A character recognition system for recognizing an image of a user's finger shape representing a target character,
In order to photograph in color a state in which a user wearing color gloves in which each tip region of the five fingers and a partial region of the back of the hand are color-coded in six different colors are put in both hands facing the back of both hands Shooting means,
Template storage means for storing the first template data and the second template data in association with each of the first character component and the second character component constituting the target character;
Verification data generation means for generating first verification data and second verification data based on the frame image read from the imaging means;
Calculating a first inter-vector distance between the first matching data and the first template data and a second inter-vector distance between the second matching data and the second template data; The first character component associated with the first template data having the smallest inter-vector distance and the second character data associated with the second template data having the smallest inter-vector distance. Character component determination means for outputting a character component as a determination result;
Character information generating means for generating character information corresponding to a target character composed of the first character component and the second character component output as a determination result;
Character recognition system.

The collation data generating means
Image dividing means for dividing the frame image into two in the X-axis direction and dividing the frame image into a first image showing the color glove fitted on one hand and a second image showing the color glove fitted on the other hand; ,
For each of the first image and the second image, a colored region extracting means for extracting a colored region of the color glove,
For each of the first image and the second image, a distance between the centers of gravity between the center of gravity of the colored region corresponding to a part of the back of the hand and the center of gravity of the colored region corresponding to the tip portion of the finger. Means for calculating the distance between the center of gravity to be calculated;
Normalizing means for normalizing the calculated distance between the centers of gravity based on the area of the colored region corresponding to a part of the back of the hand,
The first set data including the normalized distance between the centers of gravity of the five fingers of the one hand as elements is generated as first matching data, and the normal of the five fingers of the other hand Generating as a second collation data set data having the distance between the centroids as an element;
The character recognition system according to claim 1.

The collation data generating means
Finger rest determination means that evaluates the amount of movement of the center of gravity of the colored region corresponding to the tip of the finger between two frame images that move back and forth in time and determines whether the finger is stationary based on the evaluation result Including
Only when it is determined that the fingers of both hands of the user are stationary, the verification data is generated.
The character recognition system according to claim 2.

The colored area extracting means includes
For each of the first image and the second image, a pixel region surrounded by four sides of a rectangle circumscribing the foreground image extracted by the background difference method is defined as a hand region, and the image before the background difference application 4. The character according to claim 2, wherein the colored region corresponding to a part of the back of the hand is extracted from a hand region, and the colored region corresponding to the tip portion of the finger is extracted from the foreground image after applying background difference. Recognition system.

The collation data generating means
Data validity judging means for judging the validity of the first and second set data in view of anatomical constraints on human fingers,
The collation data including the set data is generated only when it is determined that both the first and second set data are valid. 5. Character recognition system.
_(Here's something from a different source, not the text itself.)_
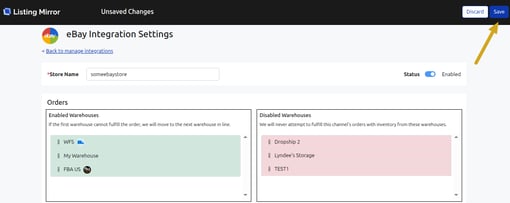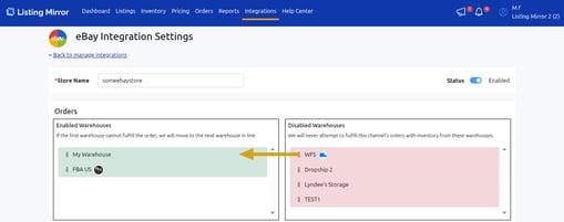 Drag the WMS Warehouse into the Enabled Warehouses box.
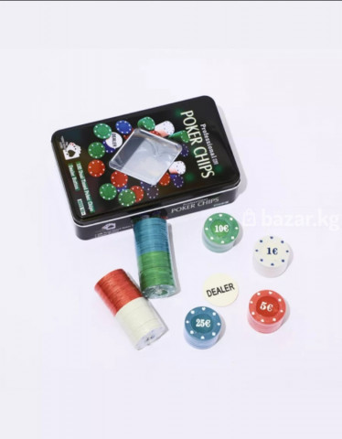 набор «Professional Poker Chips» Комплектация: - 100 двуцветных фишек • номиналы: 1€, 5€, 10€, 25€ • по 25 фишек каждого номинала • вес одной фишки – 4 г - фишка дилера (Dealer) - компактный металлический кейс Размер кейса: 19 × 12 × 5 см — удобно хранить и брать с собой. Особенности: - четкая маркировка номиналов, контрастные цвета - прочный кейс защищает фишки при переноске - подходит для домашних игр

The character component determination means includes
For each of the calculated first and second vector distances, the determination result is obtained only when the minimum value and the next smallest value after the minimum value are obtained and it is determined that the difference between the two is greater than a predetermined threshold. Output,
The character recognition system as described in any one of Claims 1-5.

The target character is a kana character (Japanese syllabary),
The first character component and the second character component are a consonant (a line of 50 syllables) and a vowel (a stage of 50 syllables), respectively.
The character recognition system as described in any one of Claims 1-6.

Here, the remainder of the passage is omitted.